There's a three-level discussion going on here. There are state-to-state discussions, there are industry discussions, and then there's the interface between the two. Generally, firms only do the interface discussion when there's a specific product they need to get through some system. Their job isn't to make the regulations; their job is to comply with the regulations.
I think what you're seeing is that within a lot of these industrial supply chains, they are global. The quality of the products are defined globally, the technologies are owned globally, and the firms that are doing all the things between basic ideas and your dinner table are global enterprises. So they're developing their own standards, which in some cases far exceed the standards of any national government they're trading within.
Sometimes you're seeing a supply push standard where a commodity group or a firm that owns the technology will say, “We're going to 99.9% purity standards and that's it”, even though they may only be required to go to 95% by the regulatory regimes.
A lot of our seeds business is up there; it far exceeds the minimum standards.
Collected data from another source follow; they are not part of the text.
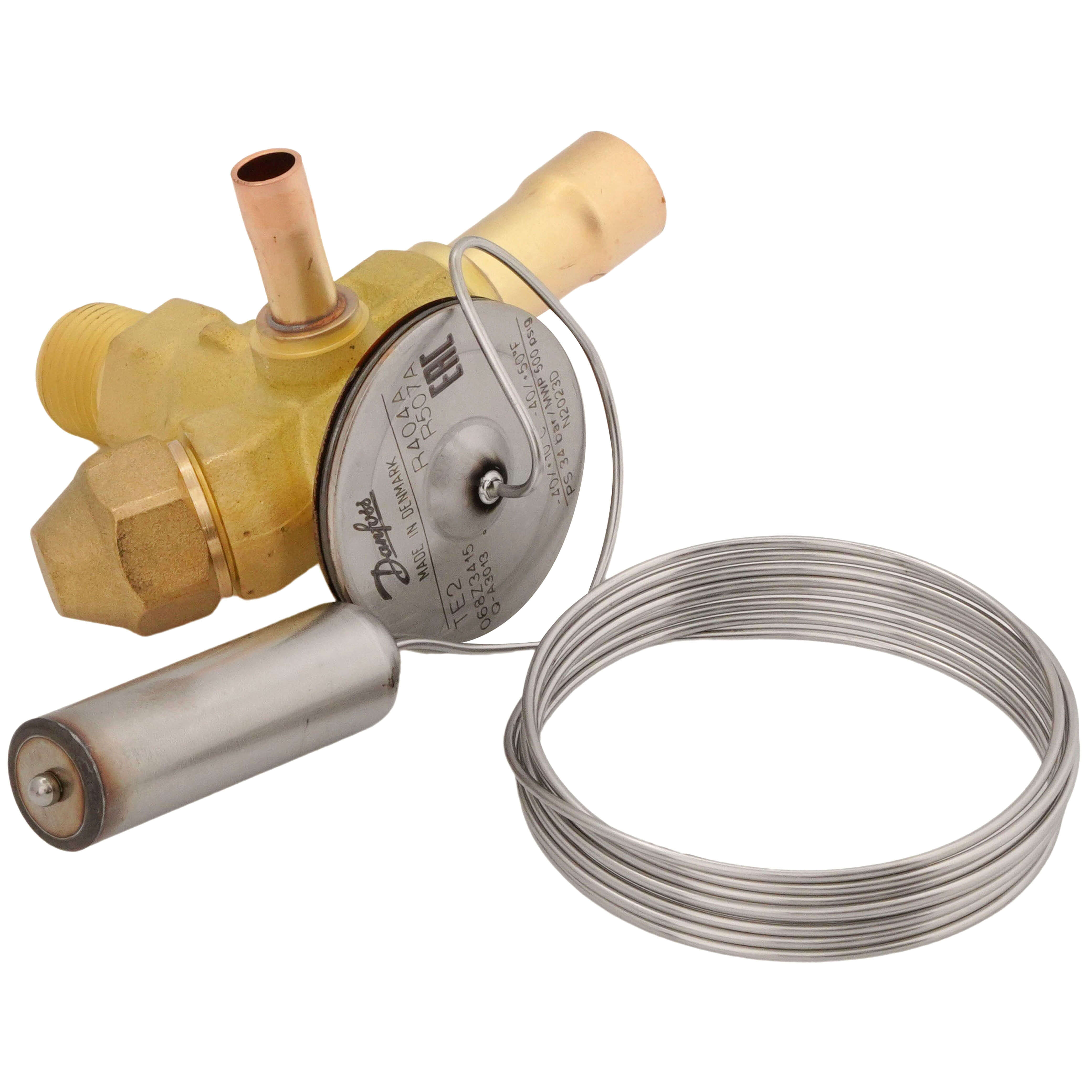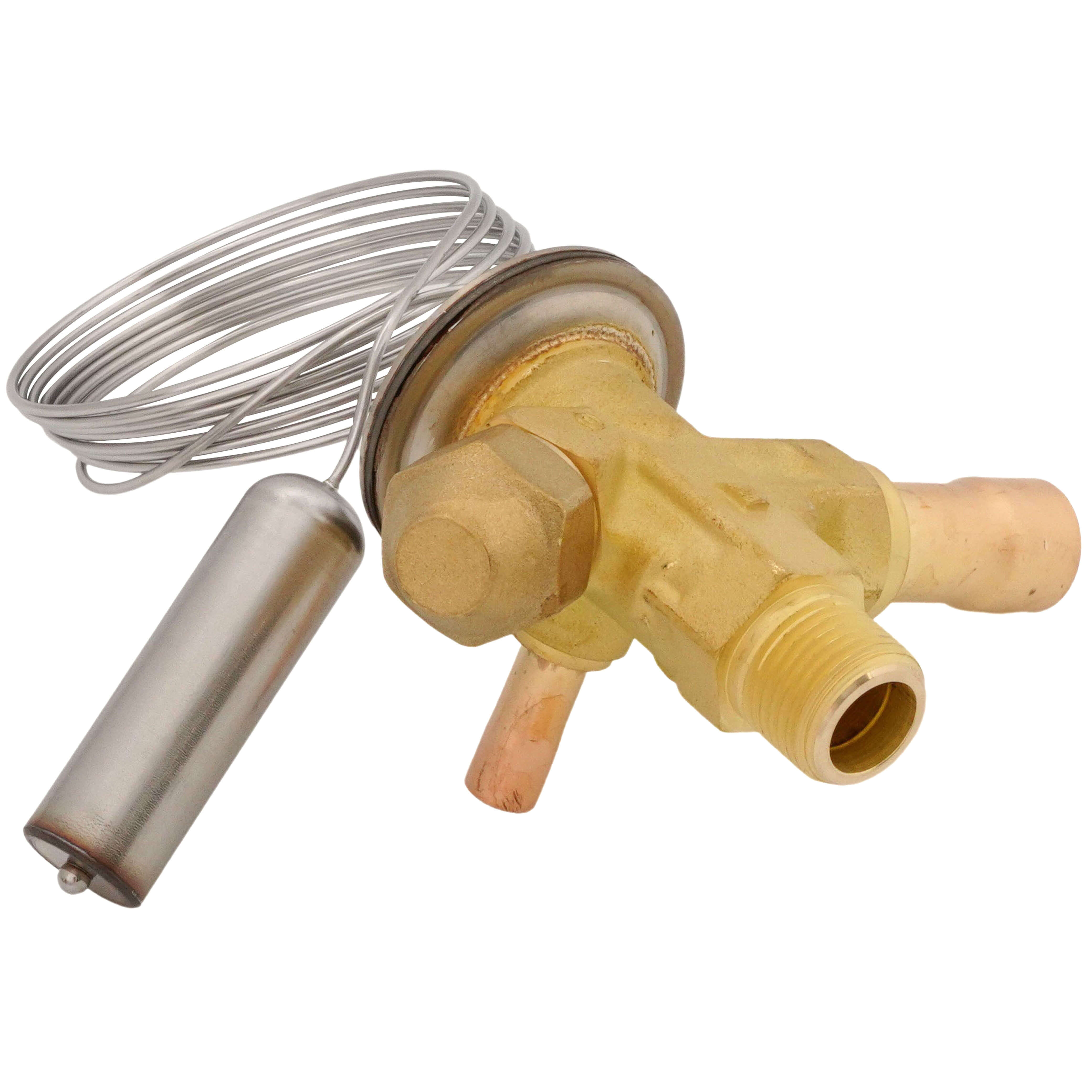 The Danfoss 068Z3415 Thermostatic Expansion Valve is engineered for effective refrigerant flow regulation in systems using R404A or R507A. It features a 3/8 inch solder inlet and a 1/2 inch outlet, both designed to ensure a secure, leak-proof connection with a five-foot external equalizer that enhances system responsiveness and control.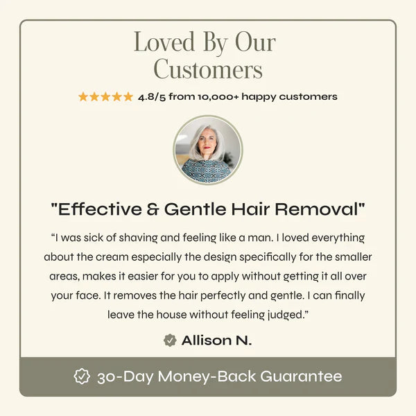 Ahlwo's Painless Hair Removal Cream Gently Dissolves Even the Thickest, Most Stubborn Hormonal Facial Hair - Leaving Women 55+ Hair-Free for Days. Without Ingrowns, stubbles or anyone noticing.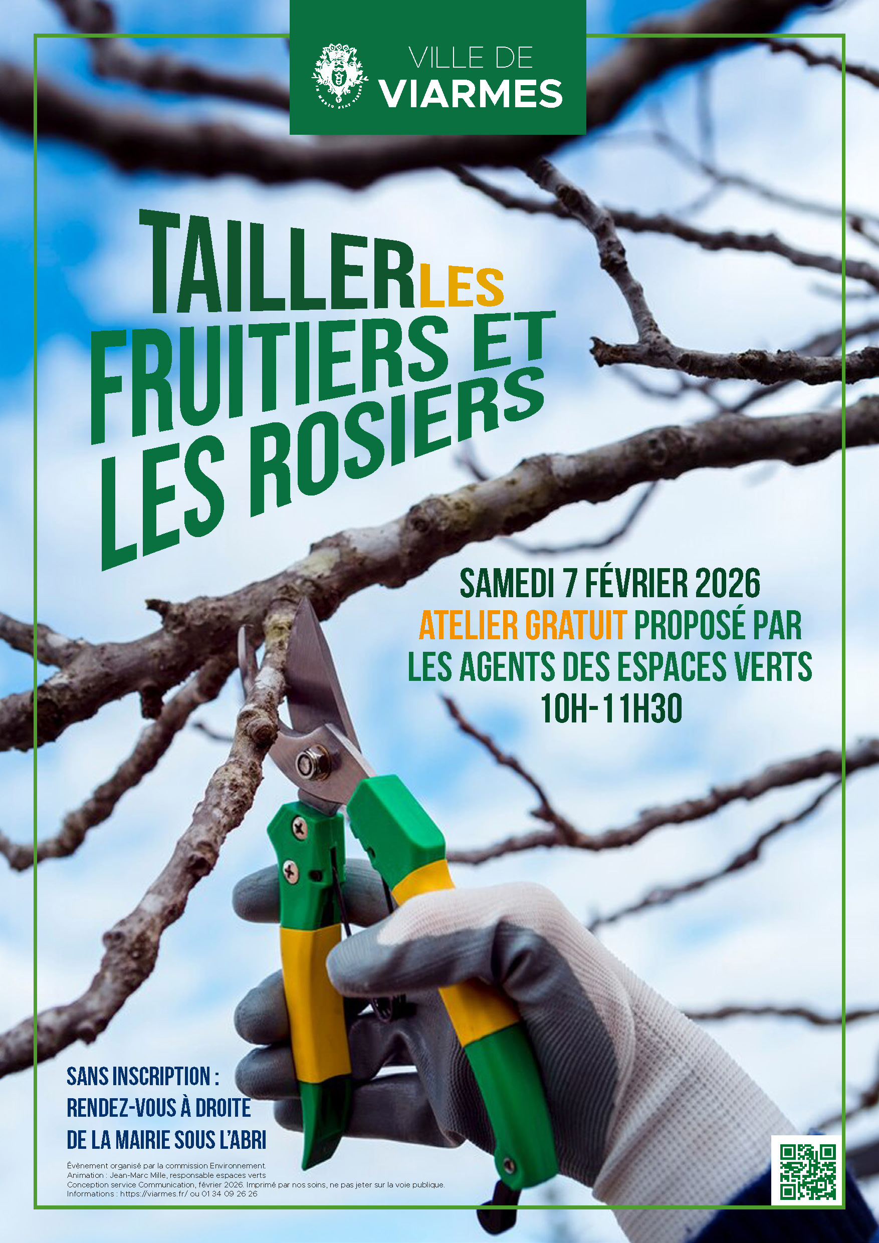 La commission environnement et les agents des espaces verts de la ville de Viarmes proposent un atelier gratuit sur la taille des arbres fruitiers, le samedi 7 février 2026 de 10h à 11h30. Sans inscription, cet atelier est réservé aux habitants de Viarmes. Rendez-vous le 25 janvier à 10h à droite de la mairie, sous l’abri !
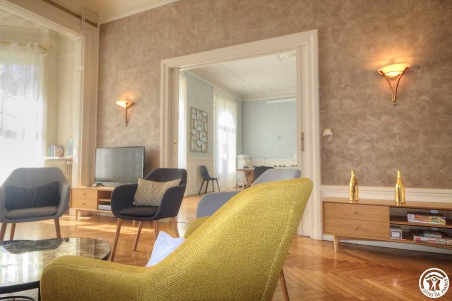 In the heart of the village of Montmerle-sur-Saône, this 1920 bourgeois house with indoor swimming pool can accommodate up to 15 people in its 5 bedrooms upstairs.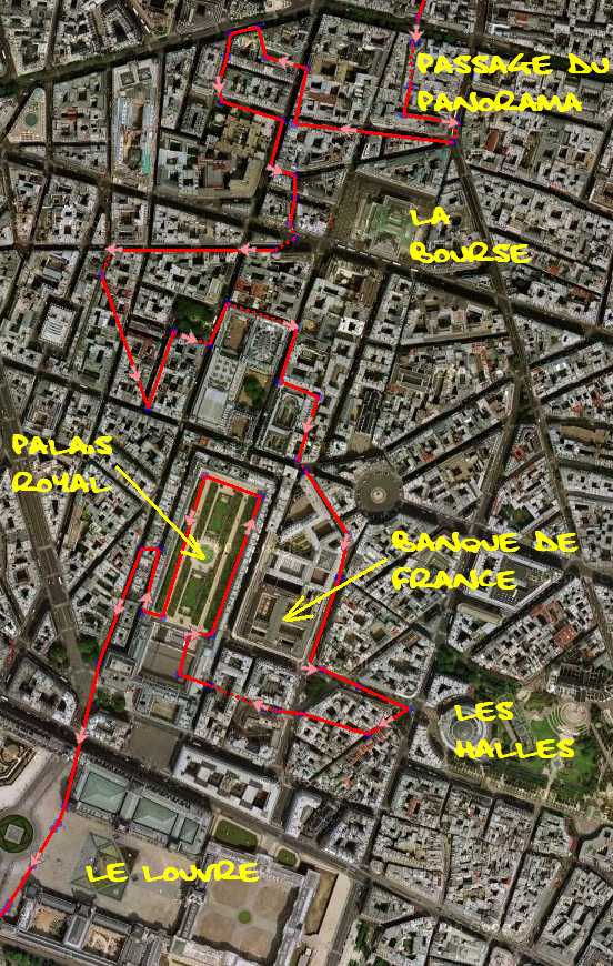 On passe plusieurs petites rues pavées pour la rue Lafayette puis on enchaîne directement le passage Verdeau, le passage Jouffroy et le passage du Panorama (voir la carte n° 9).

Similarly, downstream you're getting the food processors saying “zero tolerance” or “tolerance in these types of ways”. For example, they'll tolerate GM traits in industrial food ingredients, which don't make up a significant percentage of the food product and hence don't have to be labelled in most jurisdictions.
It's not like it's all or nothing. It's whatever is appropriate to the system, which is really just another illustration of the complexity of this world. It's not about commodities any more. It's not about a single product moving between two countries where there's no specific interest in the supply chain. That's why there aren't single rules that say we should just assess the market opportunity, because it isn't a single market. Most of these are going to be highly differentiated, so it's very difficult to know whether there's money in it or not.